Objectives: To investigate the patient-reported outcomes (PROs) and acupuncture-related adverse events (A-AEs) in acupuncture randomised controlled trials (RCTs).

Design: Cross-sectional meta-epidemiological study.

Data sources: We comprehensively searched for eligible studies between 1 January 2014 and 1 May 2024, in MEDLINE, EMBASE, CENTRAL, CBM, CNKI, Wanfang Data and VIP Database.

Eligibility criteria: RCTs that used acupuncture as the intervention group to obtain the efficacy and/or safety of acupuncture therapy. Acupuncture therapy should be based on Traditional Medicine theory.

Main outcome measures: We assessed (1) the general characteristics of acupuncture RCTs; (2) the general characteristics of PROs; (3) the reporting scores of PROs by the Extension of Consolidated Standards of Reporting Trials of Patient-Reported Outcomes (CONSORT PRO Extension); (4) the general characteristic of A-AEs; (5) the incidence of A-AEs.

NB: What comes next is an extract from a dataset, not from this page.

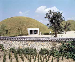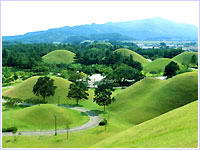远眺庆州市区,最引人注目的是高耸的巨大古坟。如果骑自行车或步行至这些巨大的古坟,便可以感受到现代和古代共存的神奇。这个大陵园面积12万坪,是新罗(BC57-AD935)的王和贵族的坟墓群。

Results: We included 476 studies in this study. 296 (62.2%) used PROs as study outcomes, 272 (57.1%) reported safety outcomes. The Visual Analogue Scale (149, 23.7%) and the Pittsburgh Sleep Quality Index (42, 6.7%) were the most common PROs reported. The reporting of PROs was incomplete, with sufficiently reporting scores ranging from 2.7% to 97.6% across the CONSORT PRO Extension. 164 studies reported A-AEs, of which 141 reported specific details, and we found that the OR for the incidence of AEs in the acupuncture group compared to the control group was 1.434 (95% CI 1.148 to 1.793). We identified 1277 reports of A-AEs in eligible studies, predominantly tissue injury (eg, haematoma, bleeding), irritation (eg, pain, post-acupuncture discomfort), with no reports of serious A-AEs. The reporting of A-AEs lacked details on the acquisition methods (15.5%), occurrence time (5.5%), A-AEs' treatment (18.1%) and A-AEs' recovery (19.7%). Studies that reported funding, registry information, acupuncturist qualifications and non-significant primary outcomes were associated with the A-AEs' reporting, and the difference was statistically significant (p≤0.05).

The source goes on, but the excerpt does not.